**What the exercise asks:** Once you have found the line with "冬季长毛绒方向盘套男女新款保暖防滑汽车通用把套档位手刹三件套" in the records below, retype it and every line after it to the end exactly, with no pictures and nothing more.

**Entries supplied:**
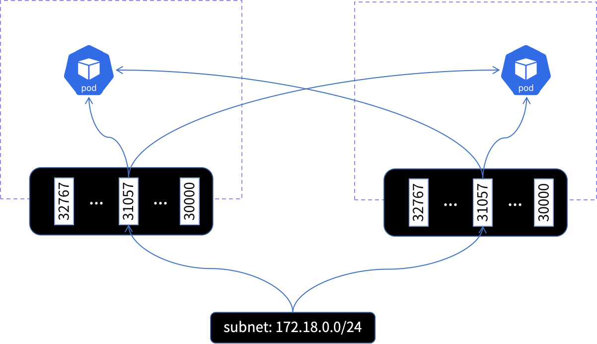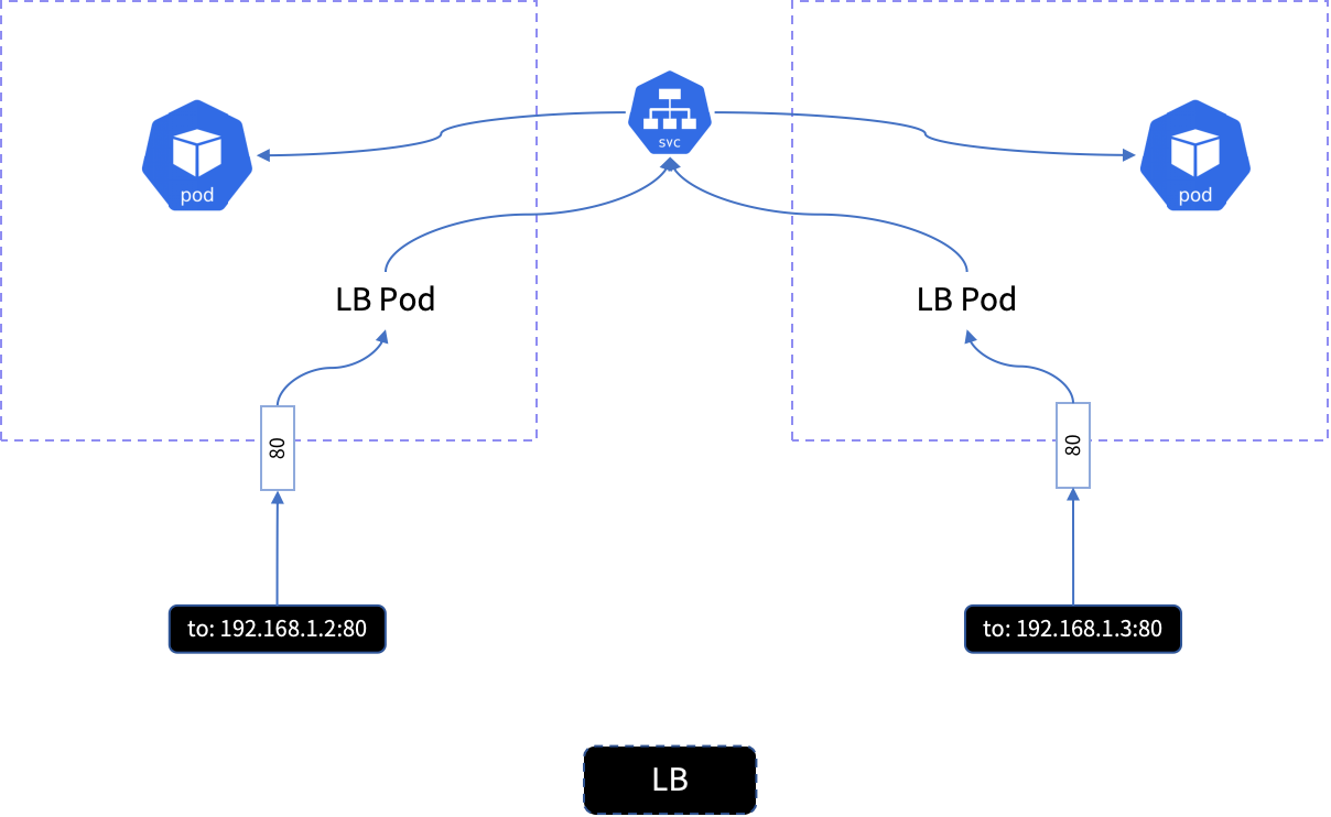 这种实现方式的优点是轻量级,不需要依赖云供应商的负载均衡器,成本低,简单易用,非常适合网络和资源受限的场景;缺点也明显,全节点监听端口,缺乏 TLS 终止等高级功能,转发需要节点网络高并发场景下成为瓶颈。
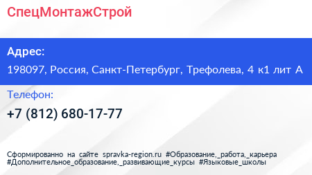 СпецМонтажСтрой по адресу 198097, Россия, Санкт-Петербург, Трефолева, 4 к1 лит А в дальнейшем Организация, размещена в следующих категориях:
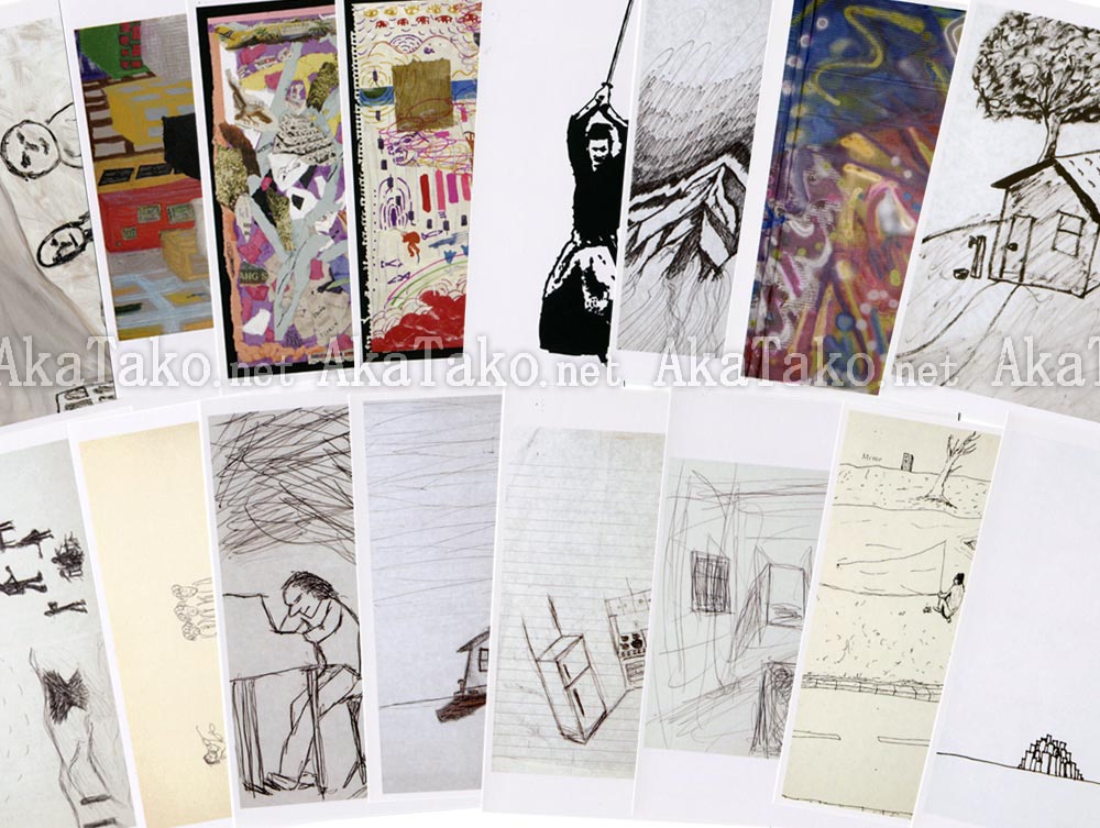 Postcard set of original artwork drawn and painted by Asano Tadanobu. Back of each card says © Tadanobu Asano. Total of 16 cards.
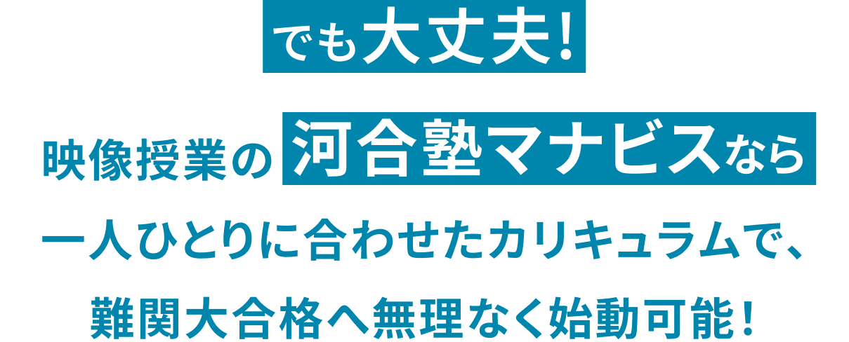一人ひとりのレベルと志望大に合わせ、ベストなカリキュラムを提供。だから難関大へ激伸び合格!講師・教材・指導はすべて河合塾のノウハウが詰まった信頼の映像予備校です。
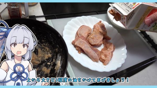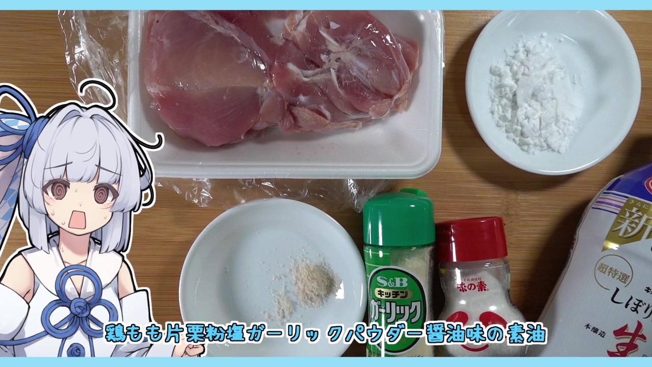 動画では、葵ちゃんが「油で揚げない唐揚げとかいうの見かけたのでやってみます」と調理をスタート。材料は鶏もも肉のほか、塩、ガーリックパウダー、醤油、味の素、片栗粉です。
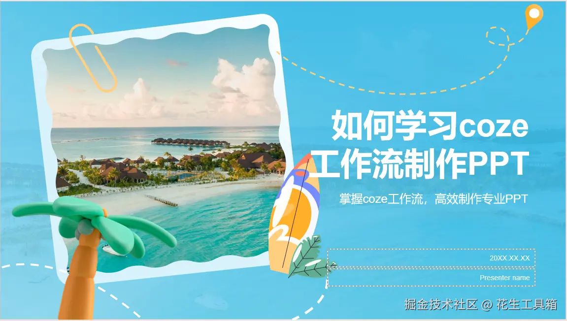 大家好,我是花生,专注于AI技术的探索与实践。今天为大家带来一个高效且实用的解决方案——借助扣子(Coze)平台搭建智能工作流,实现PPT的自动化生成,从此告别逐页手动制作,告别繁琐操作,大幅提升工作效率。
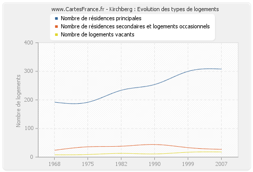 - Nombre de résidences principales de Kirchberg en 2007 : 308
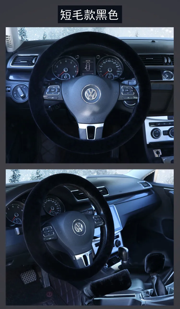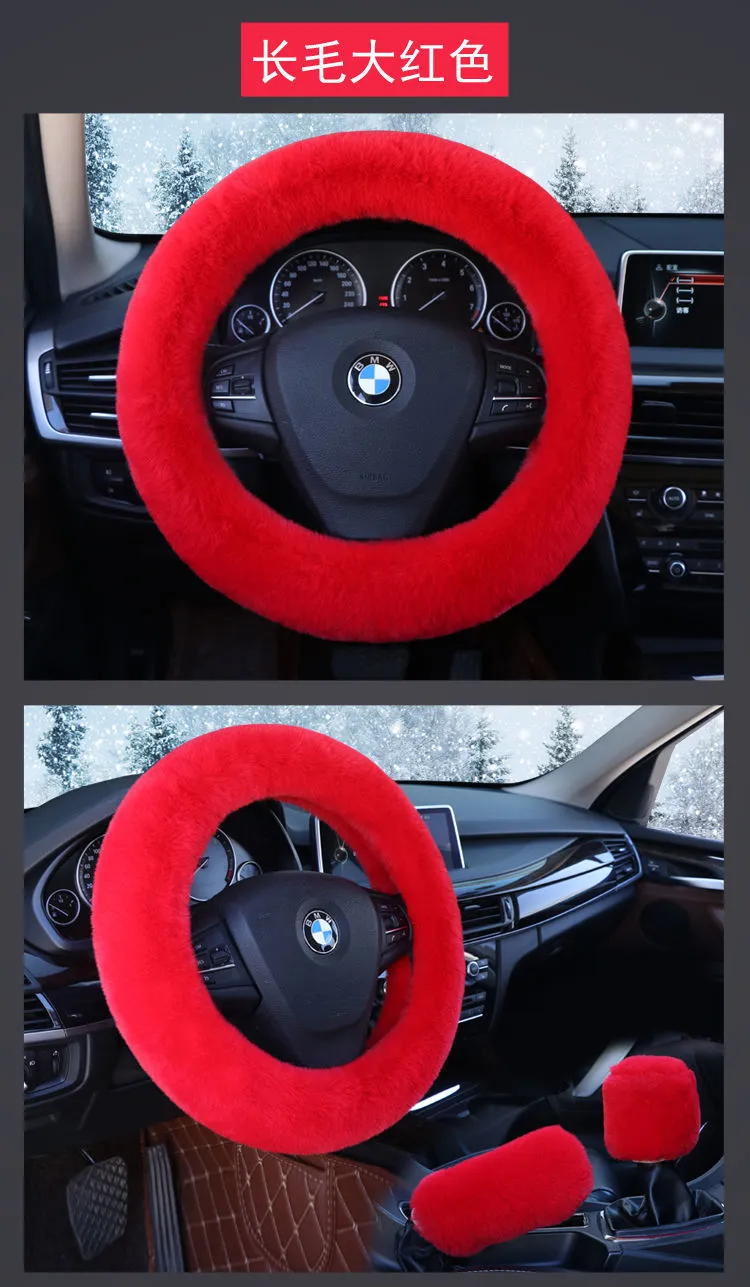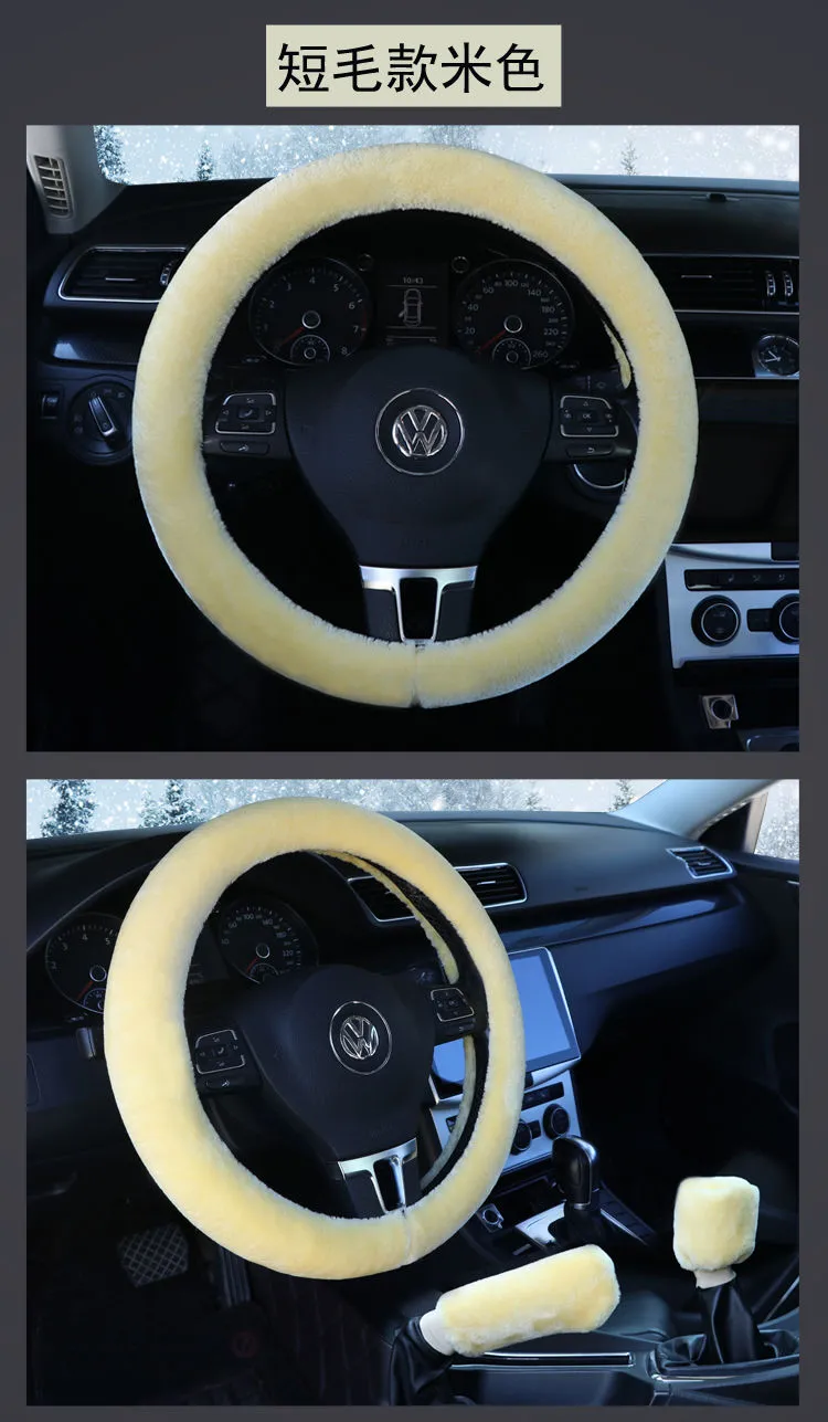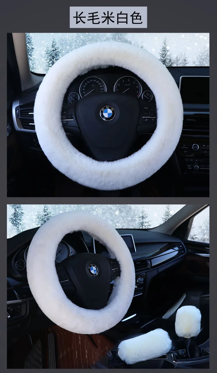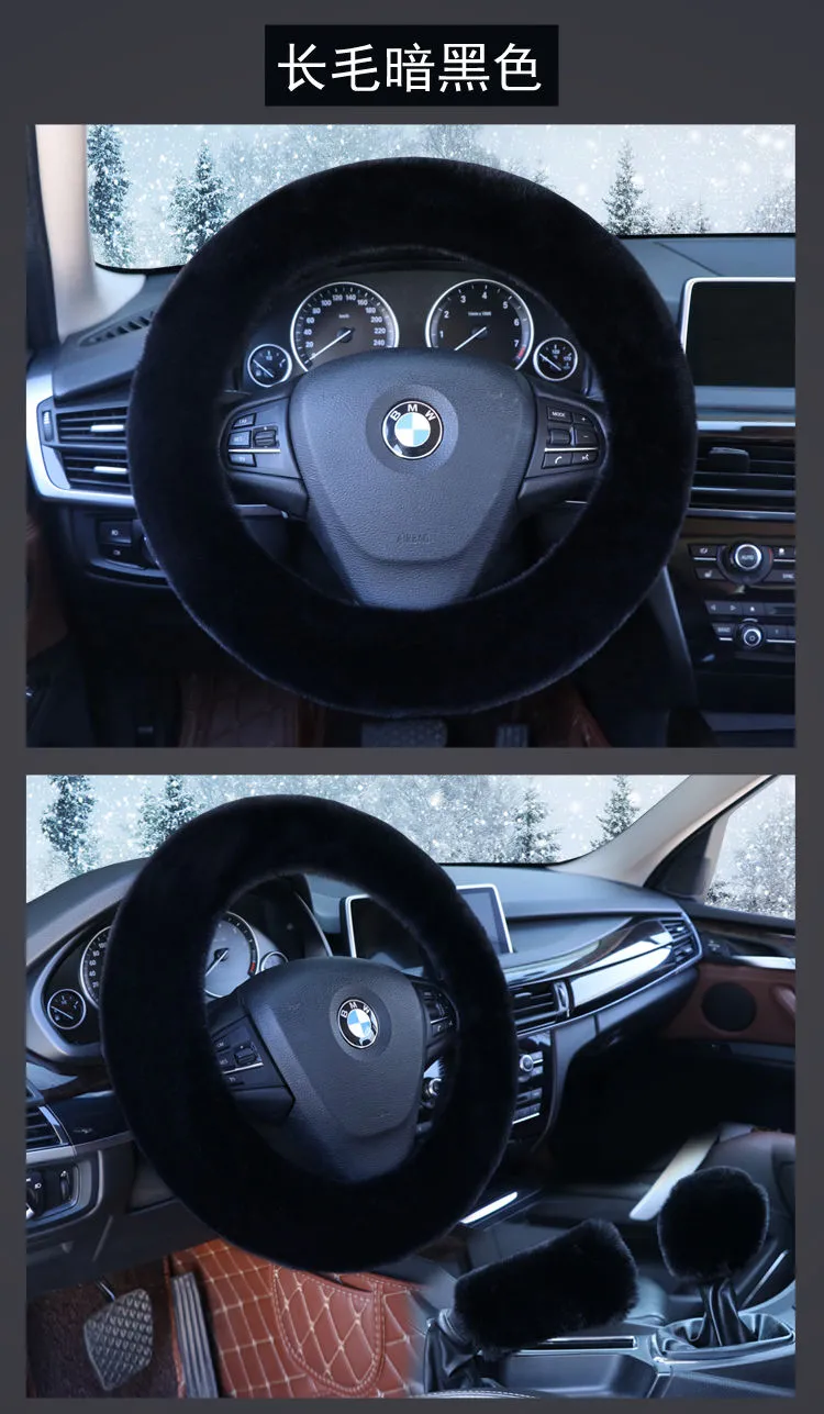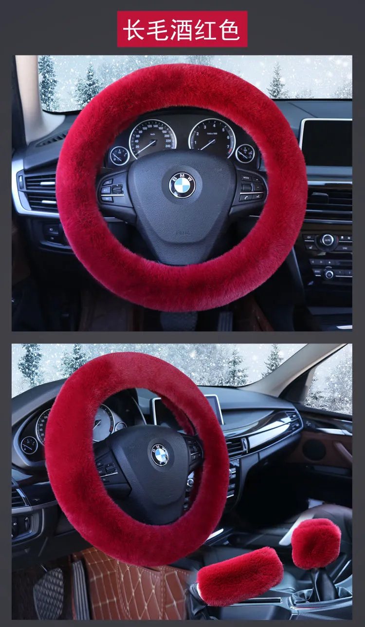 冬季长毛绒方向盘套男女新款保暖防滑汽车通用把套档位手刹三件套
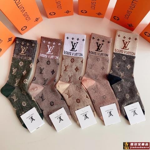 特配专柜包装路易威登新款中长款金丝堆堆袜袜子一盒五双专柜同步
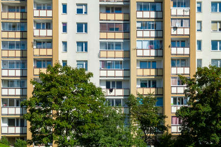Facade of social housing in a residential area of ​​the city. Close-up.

**Your response:**
 冬季长毛绒方向盘套男女新款保暖防滑汽车通用把套档位手刹三件套
 特配专柜包装路易威登新款中长款金丝堆堆袜袜子一盒五双专柜同步
Facade of social housing in a residential area of ​​the city. Close-up.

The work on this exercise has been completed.